A kind of preparation method of core-shell structure nano microcapsule

technical field

The invention specifically relates to a preparation method of a novel core-shell structure nano-microcapsule, in particular to a nano-microcapsule with good dispersibility, stable storage and slow-release effect and its preparation technology.

Background technique

Core-shell structure nanocapsules and porous materials formed by stacking core-shell structure nanocapsules are used in the field of catalysis, the packaging of sustained-release drugs, the simulation of artificial cells, the packaging and protection of biologically active macromolecules such as proteins, enzymes, and DNA, and as coatings. Various fields such as pigments or pigments have great potential value, and become one of the eye-catching directions in the field of materials research.

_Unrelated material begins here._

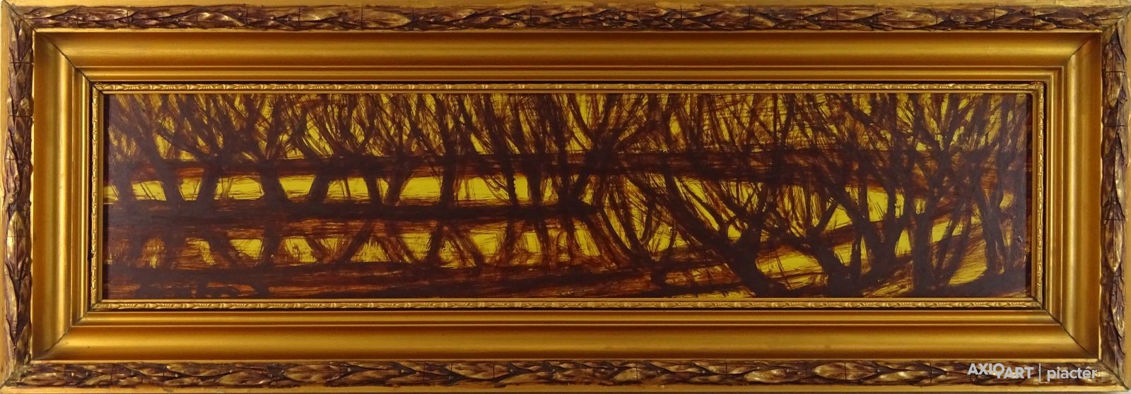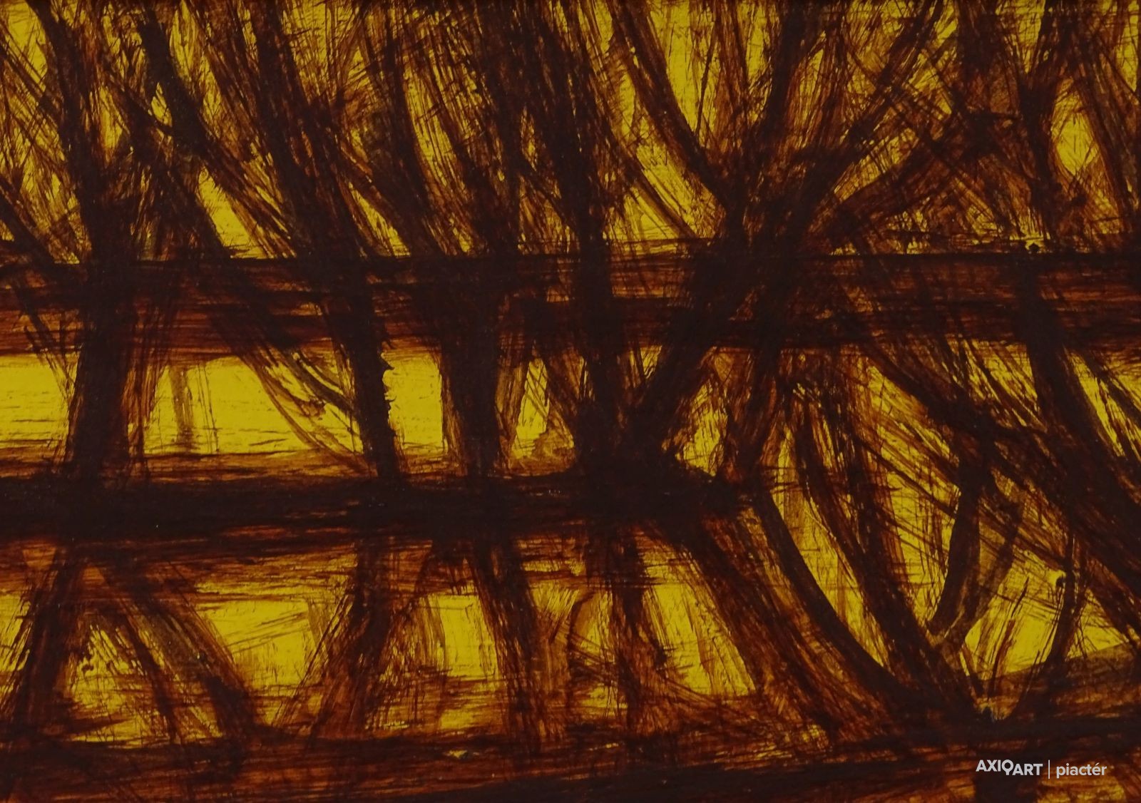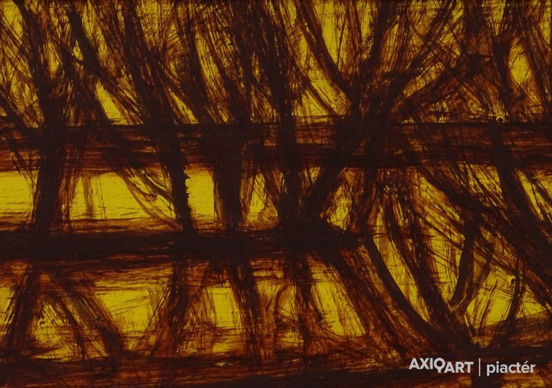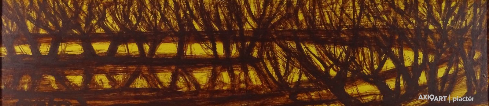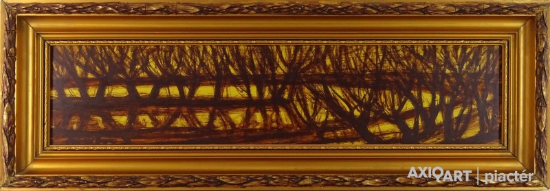 [FK3226/FL-4] A kép mérete: 20 x 40 cm keret nélkül. Készült: Olaj, Farostlemez A kép Fontos Sándor (Szeged, 1920, Szeged, 1991) alkotása. Jelezve Jobbra lent "Fontos S." A festmény jó állapotban van. Keret: Ép A festmény hátoldalán autográf írással: Dr. Simon Pálnak szeretettel Fontos Sándor Szeged 1972. XII. 12. Magyar festők és grafikusok életrajzi lexikona I-II. Festő. Tanulmányait 1951-55 között a szegedi Tanárképző Főiskolán végezte Vinkler László növendékeként. Előbb Üllésen, majd 1969-től Szegeden dolgozott, mint rajzpedagógus. 1952-től állított ki. Kiállításai voltak a szegedi Gulácsy Teremben, a hódmezővásárhelyi Tornyai Múzeumban, a szegedi Móra Ferenc Múzeumban, a fővárosi Mednyánszky Teremben és a Magyar Nemzeti Galériában. 1975-1982 között rendszeresen részt vett a Szegedi Nyári Tárlatokon, 1975-87 között a Vásárhelyi Ősz Tárlatokon. Festészetében egy időben a konstruktivitás volt jellemző, majd egyféle lírai-konstruktív stílus jellemzi. Pályája utolsó éveiben mozgalmas, jelképes és ironikus felfogású figurális kompozíciókat alkotott. Az alföldi homoktájak sajátosságát, szépségét egyéni módon vitte vászonra. Díjak: a Csongrád megyei Tanács alkotói díja; a Munka Érdemrend arany fokozata. A szegedi Móra Ferenc Múzeum őrzi alkotásait. (Szuromi Pál adatközlése nyomán, MÉ) Magyar festők és grafikusok életrajzi lexikona I-II. Műgyűjtők és kereskedők kézikönyve Festő. Tanulmányait a szegedi Tanárképző Főiskolán végezte Vinkler László tanítványaként. Eleinte Üllésen, majd 1969-től Szegeden dolgozott mint rajzpedagógus. 1952 óta kiállító művész. Kiállításai voltak a Szegedi Gulácsy Teremben, a hódmezővásárhelyi Tornyai Múzeumban, a szegedi Móra Ferenc Múzeumban, fővárosi a Mednyánszky Teremben, a MNG-ban. Festészetében egy időben a konstruktivitás volt jellemző, később egyféle lírai-konstruktív stílus jellemzi. A Szegedi Nyári Tárlatok többszörös kitüntetettje. Az alföldi homoktájak sajátosságát, szépségeit, szépségét egyéni módon viszi vászonra. (MÉ) Magyar festők és grafikusok adattára Tanulmányait a Szegedi Tanárképző Főiskolán 1955-ben végezte Vinkler László növendékeként. Rajztanári oklevelet szerzett. Évekig pedagógus Üllésen, majd 1969 óta Szegeden él. 1952-től kiállító művész, 1960-ban, 1965-ben és 1974-ben a szegedi Gulácsy-bemutatóteremben, 1962-ben a hódmezővásárhelyi Tornyai Múzeumban, 1963-ban a szegedi Móra Ferenc Múzeumban, 1976-ban a Mednyánszky Teremben mutatkozott be önállóan. 1967-ben nagyobb anyaggal szerepelt a szegedi képzőművészet kiállításán a Magyar Nemzeti Galériában. A csoportos tárlatok rendszeres kiállító művésze. A Szegedi Nyári Tárlatok többszörös kitüntetettje. Gyűjteményes kiállítását 1980-ban Békéscsabán, a Munkácsy Mihály Múzeumban nagyobb anyaggal szerepelt. 1987-ben Budapesten a Mednyánszky Teremben nyílt kiállítása. Festészetében egy időben a konstrukitvitás volt jellemző, később azonban egyféle lírai-konstruktív stílus jellemzi. Stílusának föltűnő jegye, hogy mély színezésű képeit átszövik a kompozíciót kialakító vonalak, amelyek mintegy érhálózatát adják a műnek. Az alföldi homoktájak sajátosságát, szépségét egyéni módon viszi vászonra. - Irod.: P. Sz. T.: Művész életrajzok, Bp. 1985. - ÖLK Művész életrajzok kortárs magyar képzőművészek Festő. A szegedi Tanárképző Főiskolán szerzett 1955-ben rajztanári diplomát Vinkler László növendékeként. Évekig művész-pedagógus az üllési tanyavilágban, 1969 óta Szegeden él. 1952 óta kiállító művész; 1960-ban, 1965-ben és 1974-ben a Képcsarnok szegedi bemutatótermében, 1962-ben a vásárhelyi Tornyai Múzeumban, 1963-ban és 1980-ban a szegedi Móra Ferenc Múzeum képtárában, 1976-ban a Mednyánszky Teremben, 1978-ban Kecskeméten, 1979-ben Csongrádon, 1981-ben Siófokon és Szolnokon, 1983-ban Esztergomban és Békéscsabán mutatkozott be önálló kollekciókkal. Egyes művei eljutottak Jugoszláviába, a Szovjetunióba, az NDK-ba és Finnországba. A csongrád megyei Tanács művészeti díjának (1976) kitüntetettje, a Szegedi Nyári Tárlat többszörös díjnyertese. - Hol expresszív erejű, hol költői hangulatú piktúrájának központi témája a szegedi tanyavilág, az itt élő emberek. Stílusának jellegzetessége, hogy mélyszínezésű képeit átszövik a kompozíciót kialakító vonalak, amelyek mintegy érhálózatát adják a műnek, lüktető mozgást víve az ábrázolásokba. Újabban az absztrakció felé tájékozódik. Kortárs magyar művészeti lexikon I-III. Festő. 1951-55 szegedi Juhász Gy. TF, mestere: Vinkler László. 1976: Csongrád megyei Tanács alkotói díja, Szeged. 1980: Munka Érdemrend arany fokozata. Szegeden élt. A 70-es évekig leginkább szerkezetes elvű, dekoratív hangvételű tájképeket készített. Majd felszámolja a reális földi látszatokat, s helyettük kozmikus képzetű, expresszív látomásokat hoz létre. Pályája utolsó éveiben mozgalmas, jelképes és ironikus felfogású figurális kompozíciókat alkotott. Ek: 1963: Tornyai J.M., Hmvhely; 1965: Móra F. M. Képtára, Szeged; 1976: Mednyánszky T.; 1978: Kecskeméti Képtár; 1980: Móra F. M.; Képtára, Szeged; 1984: Várm., Esztergom; 1990: Móra F. M. Képtára, Szeged. Vcsk: 1967: Szegedi képzőművészek tárlata, MNG; 1975-82: Szegedi Tárlat, Móra M. Képtára, Szeged; 1975-87: Vásárhelyi Őszi Tárlat, Tornyai J. M., Hmvhely; 1986: Szeged képzőművészete, Móra F. M. Képtára, Szeged. Mk: Móra F. M., Szeged. Irod.: Szelesi Z.: Alföldi művészek között. Fontos Sándor, Tiszatáj, 1965/1.; Tasnádi A.: Fontos Sándornál, Tiszatáj, 1980/3. (Sz. P.)
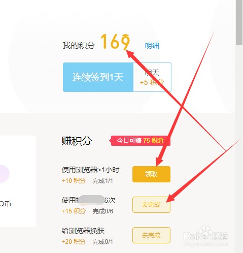 登录成功后我们可以在右边看到自己的积分,我们可以完成下面的任务获得积分,点击【去完成】就可以马上领取积分了

Template electrostatic self-assembly method is one of the main methods to prepare spherical shell structure nanocapsules. It combines the template method with the self-assembly process, and uses the electrostatic adsorption between anions and cations to adsorb opposite charges on the surface of the nanoparticle core to form a thin film, and then remove the core. Generally, a solvent can be used to dissolve the core. Thus, hollow particles are obtained, and the advantage is that the size of the core particle, the thickness and composition of the particle shell can be selected to meet different needs.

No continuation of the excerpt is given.